_Exercise directions_: Could you retype exactly the lines below between the one holding "14K Double the Diamonds Crossover Ring" and the one holding "在浏览器中右击选择属性, 查看不到证书", inclusive, leaving out any pictures?

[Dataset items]
--------------------------------------------------

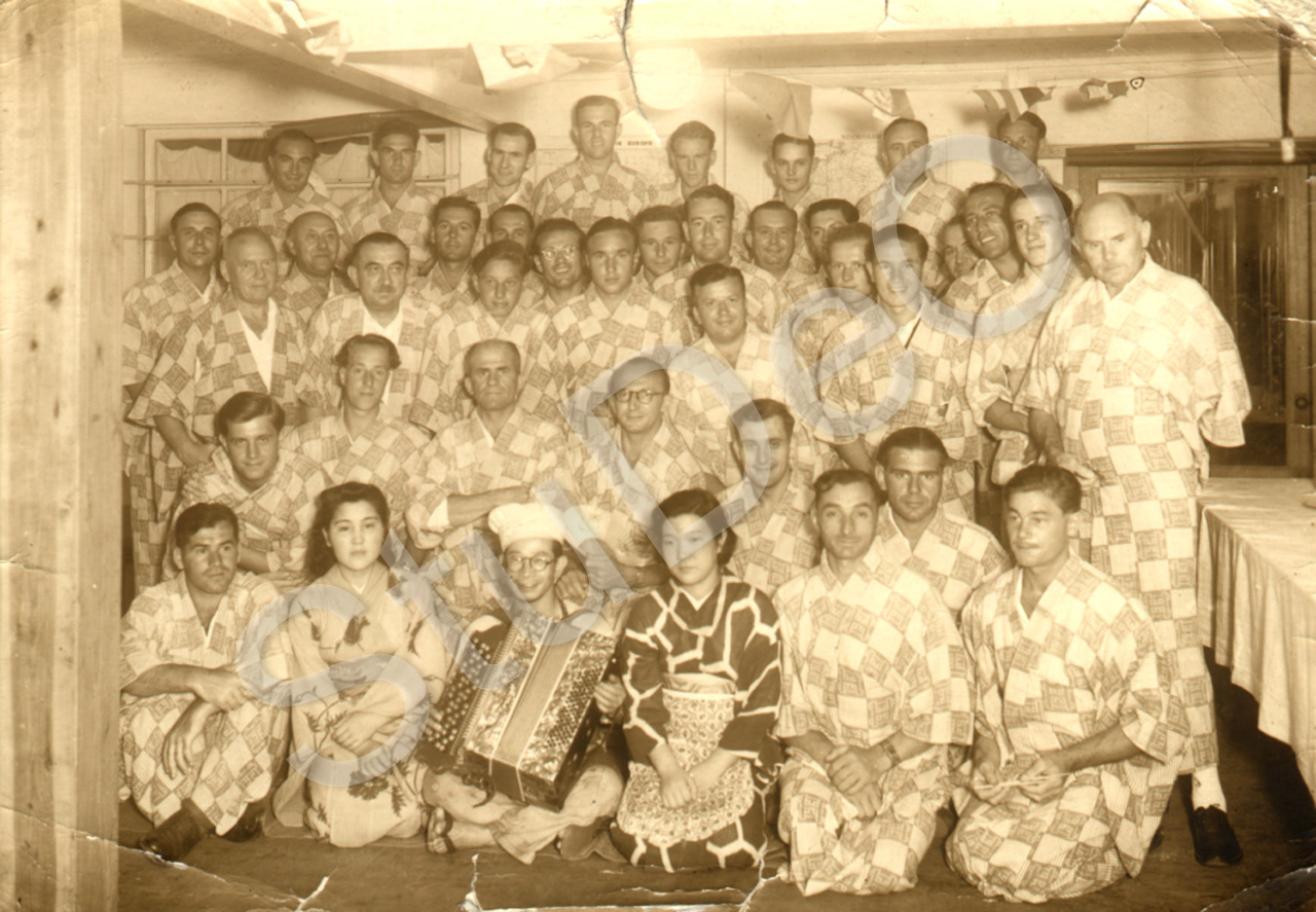 Beschreibung: Vermutlich eine Schiffsbesatzung (des Tankers „Charlotte Schliemann“?), im Hotel eines japanischen Badeorts (Onsen). Der dritte v.r. stehend ist Rudolf Bruns. Sie haben alle die gleichen Kimonos „Yukatas“ an, die in einem Onsen (bis Herbst 1944) zur Zimmerausstattung gehörten.
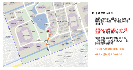 二、所有考生请从上海交通大学闵行校区东川路800号思源门入校,考场入口位于上院(教学楼)五楼,距离思源门约300米。(如图所示)
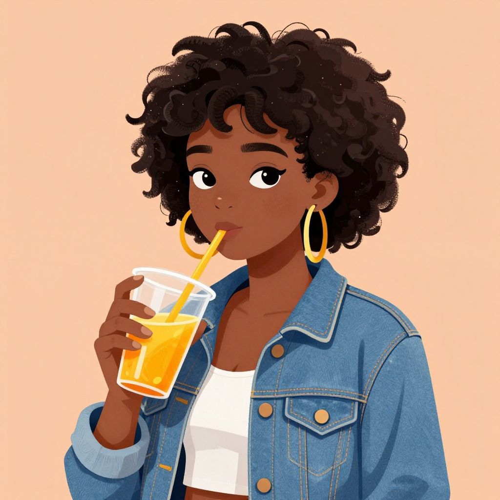 A vibrant cartoon-style illustration featuring a young Black woman with an afro hairstyle, wearing a denim jacket and large hoop earrings, sipping orange juice through a straw from a clear cup, set against a warm peach background.
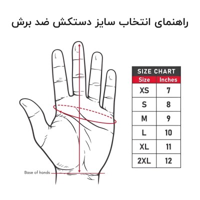در انتخاب دستکش ضد برش، سایزبندی صحیح هم روی راحتی و ایمنی کارگر تأثیر مستقیم دارد و هم جلوی هدررفت هزینه خرید عمده را میگیرد. جدول زیر بر اساس استاندارد جهانی دستکش ایمنی (EN 420 و EN 388) و سایزبندی رایج در بازار ایران و جهان است؛
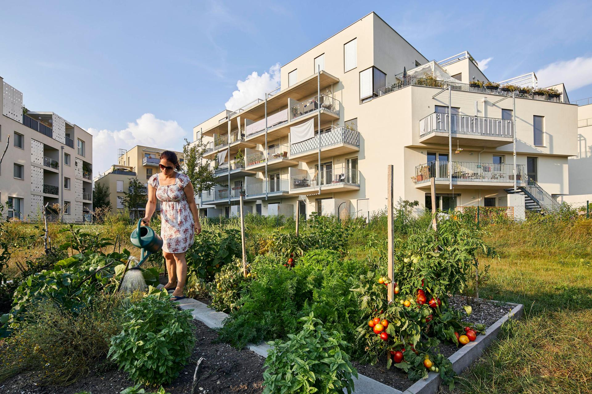 On three sites, three teams of architects created an attractive, homogeneous urban arrangement with open spaces, courtyards with edible plants and a spacious community garden.
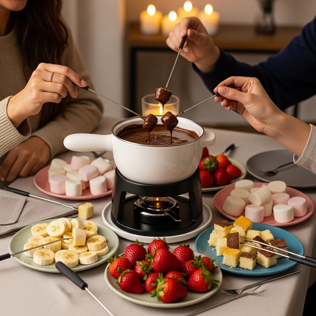 Fondue turns dessert into an experience. I set out fruit, marshmallows, and cake cubes.
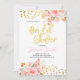 Celebra con estilo esta invitación a bañarse en la ducha dorada floral. Con elegantes acentos dorados con detalles de acuarela floral, este diseño es perfecto para una ducha nupcial de primavera. La combinación de flores blandas y oro metálico crea un estilo sofisticado e intemporal para su celebración pre-boda. Esta ducha con flores de matrimonio es ideal para fiestas de jardín, reuniones de primavera o elegantes duchas interiores. Una moda y una manera memorable de invitar a amigos y familiares a honrar a la futura novia.
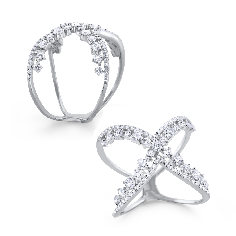 14K Double the Diamonds Crossover Ring
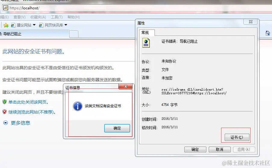 在浏览器中右击选择属性, 查看不到证书
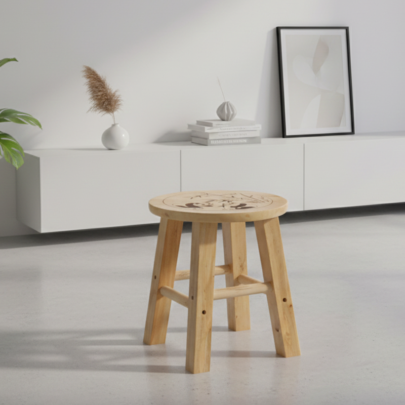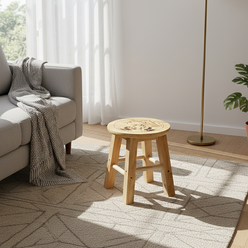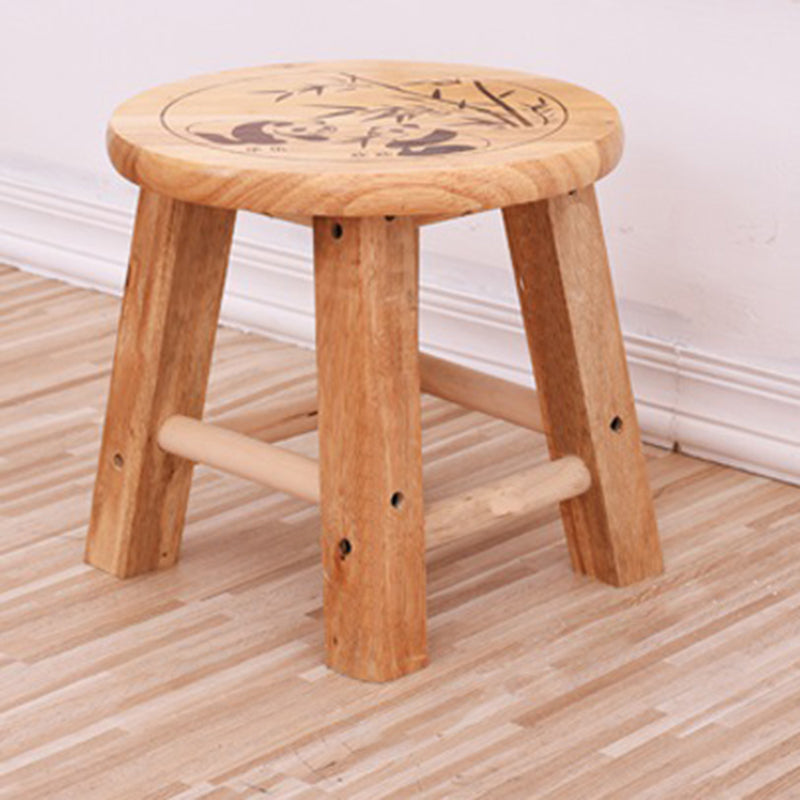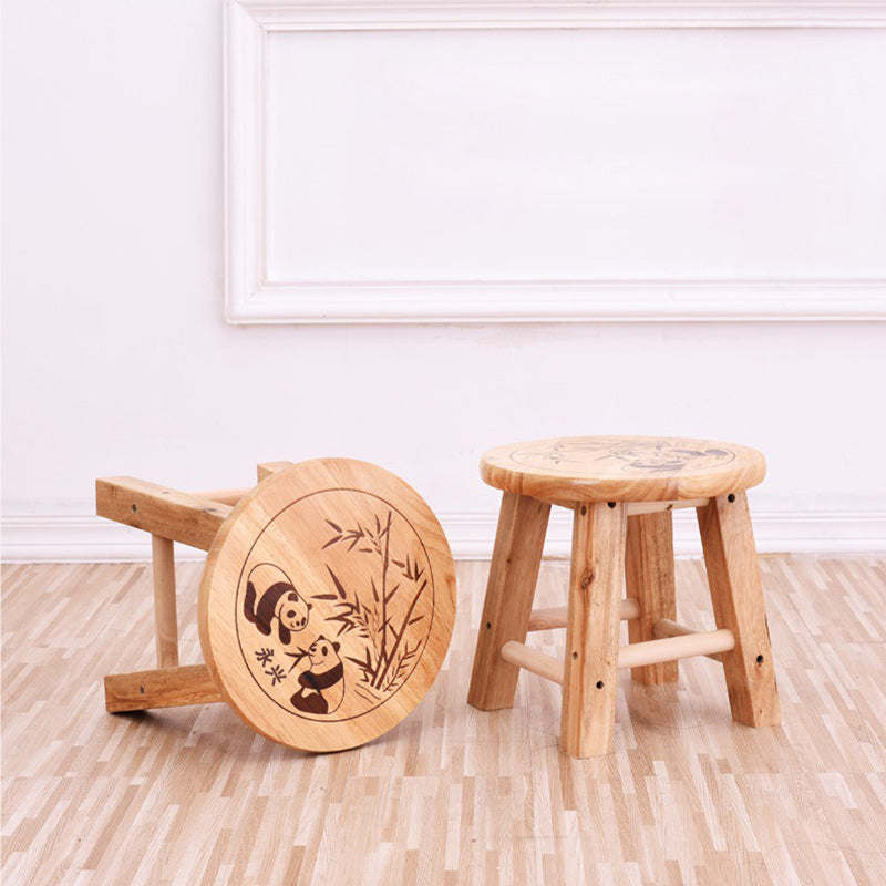 This Traditional Chinese round low stool is made from solid wood and finished in a natural wood color, offering a sturdy and durable seating option for the living room, bedroom, or entryway. The fully solid construction and smoothly polished legs enhance safety and comfort, making it ideal as a shoe-changing stool or compact accent seat.
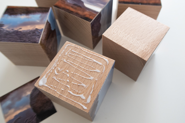 3. FOTOSCHNIPSEL AUF DIE HOLZWÜRFEL KLEBEN
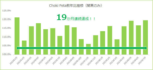 美容室チェーンを300店舗以上展開する株式会社アルテ サロン ホールディングス(横浜市中区/代表取締役社長 吉村 栄義)のグループ会社である株式会社 C&P(横浜市中区/代表取締役社長 吉村 栄義)が展開するカット&カラー専門店「チョキペタ」は、2021年より19か月連続で前年同月売上を更新し、2022年12月末には17億円を突破しました(※)。新型コロナウイルス感染拡大による緊急事態宣言に伴い、2020年は大多数の店舗で約1ヶ月休業するなど影響を受けたものの、コロナ禍で買い物ついでに予約なし・短時間で立ち寄ることができるメンテナンス美容室の便利さが新規層にも広がったことが売上が伸びた要因です。その他、LINE会員の獲得強化(2年半で約9万人増)やセグメント配信の奏功、また、物販(ドライヤー)の販売好調もあり、2023年5月に月間売上の過去最高MAXを更新しました。
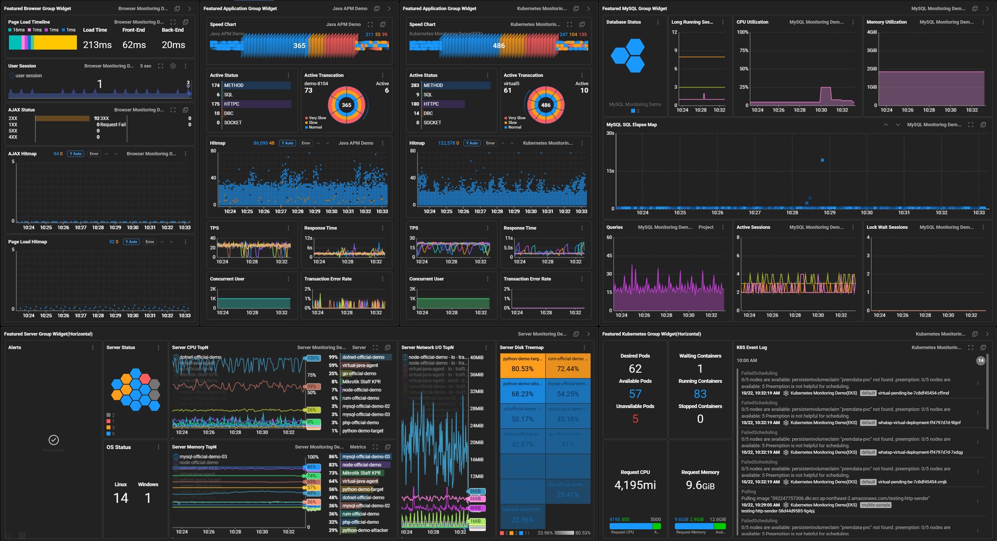 WhaTap Monitoring Servicesは、パブリックSaaS、プライベートSaaS、オンプレミス(On-premise)型のすべてに対応しており、クラウドとオンプレミスを併用するハイブリッド環境も効率的に統合モニタリング。フロントエンドブラウザからバックエンドデータベースまで、メトリックス、トレース、ログを利用してエンドツーエンドフルスタック(end-to-end full stack)統合モニタリングを提供し、5秒間隔でトランザクション異常まで検知することでリアルタイム・オブザーバビリティを完璧に実現させる。

--------------------------------------------------

_Reply to the task_:
 14K Double the Diamonds Crossover Ring
 在浏览器中右击选择属性, 查看不到证书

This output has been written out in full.